Data extract:
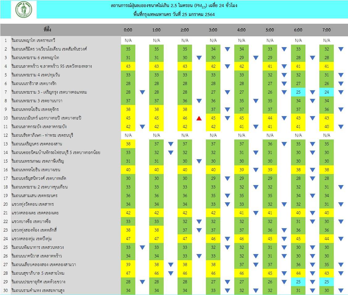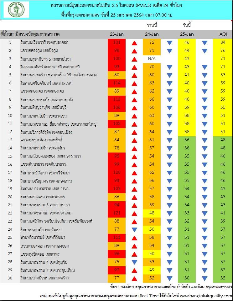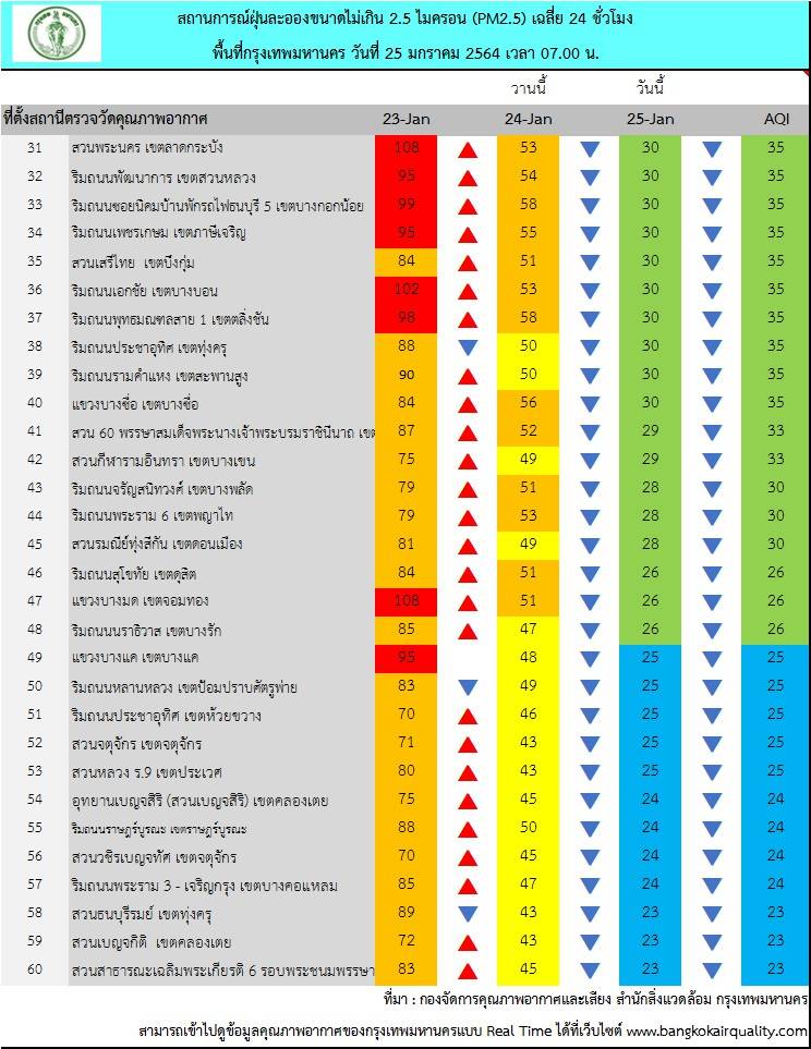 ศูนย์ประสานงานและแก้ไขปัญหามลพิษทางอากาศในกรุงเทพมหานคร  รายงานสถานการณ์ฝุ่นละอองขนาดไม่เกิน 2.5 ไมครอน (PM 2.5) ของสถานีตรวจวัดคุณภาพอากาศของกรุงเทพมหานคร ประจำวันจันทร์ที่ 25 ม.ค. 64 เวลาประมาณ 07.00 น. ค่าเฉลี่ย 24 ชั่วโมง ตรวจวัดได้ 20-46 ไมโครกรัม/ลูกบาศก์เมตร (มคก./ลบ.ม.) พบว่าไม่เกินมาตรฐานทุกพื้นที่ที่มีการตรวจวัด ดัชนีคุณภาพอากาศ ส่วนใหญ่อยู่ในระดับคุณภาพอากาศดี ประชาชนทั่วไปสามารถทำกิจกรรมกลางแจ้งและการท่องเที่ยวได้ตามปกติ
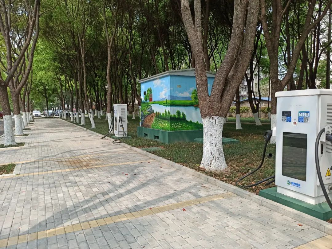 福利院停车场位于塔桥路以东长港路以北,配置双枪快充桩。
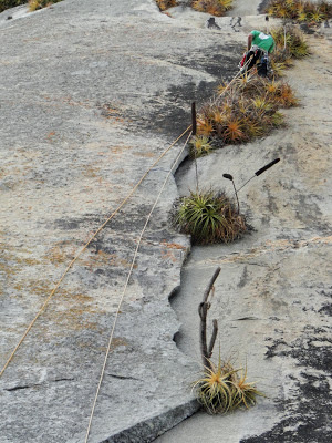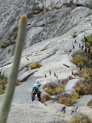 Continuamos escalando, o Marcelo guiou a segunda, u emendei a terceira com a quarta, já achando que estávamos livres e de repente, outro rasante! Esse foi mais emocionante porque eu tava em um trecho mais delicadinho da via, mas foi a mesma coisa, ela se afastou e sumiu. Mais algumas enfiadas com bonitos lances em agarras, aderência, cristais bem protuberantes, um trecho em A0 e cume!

Action item:
The material above should be printed again exactly, with each picture left out.

Response:
 ศูนย์ประสานงานและแก้ไขปัญหามลพิษทางอากาศในกรุงเทพมหานคร  รายงานสถานการณ์ฝุ่นละอองขนาดไม่เกิน 2.5 ไมครอน (PM 2.5) ของสถานีตรวจวัดคุณภาพอากาศของกรุงเทพมหานคร ประจำวันจันทร์ที่ 25 ม.ค. 64 เวลาประมาณ 07.00 น. ค่าเฉลี่ย 24 ชั่วโมง ตรวจวัดได้ 20-46 ไมโครกรัม/ลูกบาศก์เมตร (มคก./ลบ.ม.) พบว่าไม่เกินมาตรฐานทุกพื้นที่ที่มีการตรวจวัด ดัชนีคุณภาพอากาศ ส่วนใหญ่อยู่ในระดับคุณภาพอากาศดี ประชาชนทั่วไปสามารถทำกิจกรรมกลางแจ้งและการท่องเที่ยวได้ตามปกติ
 福利院停车场位于塔桥路以东长港路以北,配置双枪快充桩。
 Continuamos escalando, o Marcelo guiou a segunda, u emendei a terceira com a quarta, já achando que estávamos livres e de repente, outro rasante! Esse foi mais emocionante porque eu tava em um trecho mais delicadinho da via, mas foi a mesma coisa, ela se afastou e sumiu. Mais algumas enfiadas com bonitos lances em agarras, aderência, cristais bem protuberantes, um trecho em A0 e cume!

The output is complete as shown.